Assistant API - What are Context Tokens in the Billing calculation?

But those aren’t not considered as input token right? then how to calculate the price?

Me too, 759 937 in 250 API calls during two days of personal testing. Imagine how much money it would cost if I had it live on a website with thousands of users. I could go bankrupt fast.

I am hoping they manage to streamline the use of retrieval.

1 Like

I had the same experience. I scraped hundreds of web pages into text and stored them into a JSON format, with URL, title and the content attributes, roughly 500KB.

Using Assistant and retrieval, if you ask some simple question such as are you human? it only generates very little tokens. (500 in, 37 out)

If you ask a simple question from the JSON such as “tell me briefly what you know about the document”, It generates thousands of tokens (4000~6000 in, 300 out)

If you ask complex question such as “My website is using Wordpress, having monthly traffic of 50K, recommend which plan is best for me as well as guide me step by step how to set up the tracking”, It generates 13K ~32K tokens ( 13~32K in 500 out)
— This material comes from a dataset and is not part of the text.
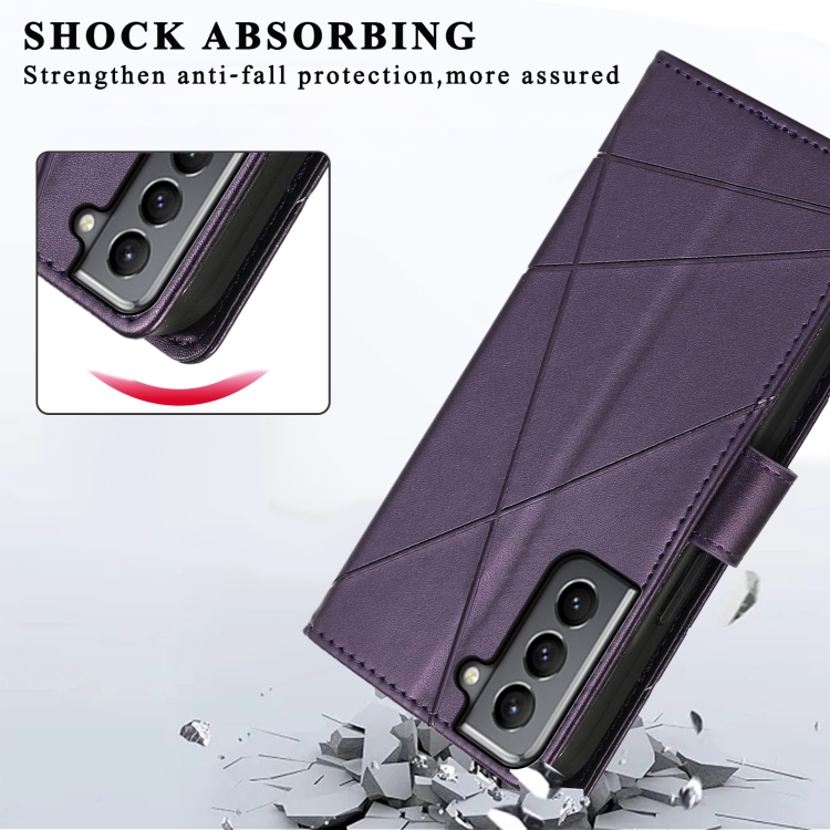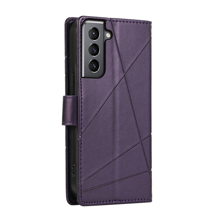 Funda para Teléfono Samsung Galaxy S21 5G PU con Línea En Relieve Textura Cuero Genuino (Púrpura)

I guess the tokens is not consumed arbitrary but it depends how much token the Assistant has retrieved from the files until it find the answer. What if I have 10 files with 5MB each? It would consumes 150K ~ 320K token every time someone using the Assistant?

I have url and title attributes in the JSON, I am not sure if the retrieval is smart enough to read the title and only read the most related content instead of reading everything.
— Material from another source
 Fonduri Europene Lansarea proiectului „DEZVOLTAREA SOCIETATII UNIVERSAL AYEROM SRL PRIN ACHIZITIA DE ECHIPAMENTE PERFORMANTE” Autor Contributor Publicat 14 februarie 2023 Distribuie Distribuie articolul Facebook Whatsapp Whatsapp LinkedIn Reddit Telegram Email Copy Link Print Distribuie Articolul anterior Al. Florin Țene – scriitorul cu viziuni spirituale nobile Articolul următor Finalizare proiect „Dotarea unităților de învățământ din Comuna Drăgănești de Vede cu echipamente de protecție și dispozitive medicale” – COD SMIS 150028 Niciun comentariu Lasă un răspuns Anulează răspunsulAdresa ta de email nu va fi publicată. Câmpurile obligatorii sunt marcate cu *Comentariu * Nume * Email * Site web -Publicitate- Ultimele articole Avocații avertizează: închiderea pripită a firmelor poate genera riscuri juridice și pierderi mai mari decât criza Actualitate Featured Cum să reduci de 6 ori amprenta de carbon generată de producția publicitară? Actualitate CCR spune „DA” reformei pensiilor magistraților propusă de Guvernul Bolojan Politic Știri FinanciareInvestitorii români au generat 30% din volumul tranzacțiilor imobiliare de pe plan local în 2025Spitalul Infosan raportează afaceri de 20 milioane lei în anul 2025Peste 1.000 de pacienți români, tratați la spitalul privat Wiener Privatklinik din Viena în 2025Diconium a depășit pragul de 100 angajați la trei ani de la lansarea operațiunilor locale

I believe all these somehow contributed to the context tokens as well since I have 16 times more context tokens than generated. If the retrieval has already charged tokens from the file reading within threads, it shouldn’t charge more on context token.

IMO, we shouldn’t ends up paying more every time the Assistant trying to access the files with arbitrary tokens, the intelligent of the retrieval to locate answers in the shortest path shouldn’t be on our cost.

2 Likes

Is there any update on this as I experienced similar issues now.

1 Like

Update is that assistants works the same, you let the AI use its own tools and make multiple internal calls with its internal decision-making.

The assistants API now uses a vector store search if you have used the new beta v2 header and created vector storage. The number of context tokens placed will be different from similar inputs, when the AI decides or has been instructed to use the search, making two internal API calls, the second answering you with the retrieved data also contributing to that and future session context (input) tokens.

You can specify the number of past chat turns to preserve in runs, which can limit the expense (and understanding) of long sessions.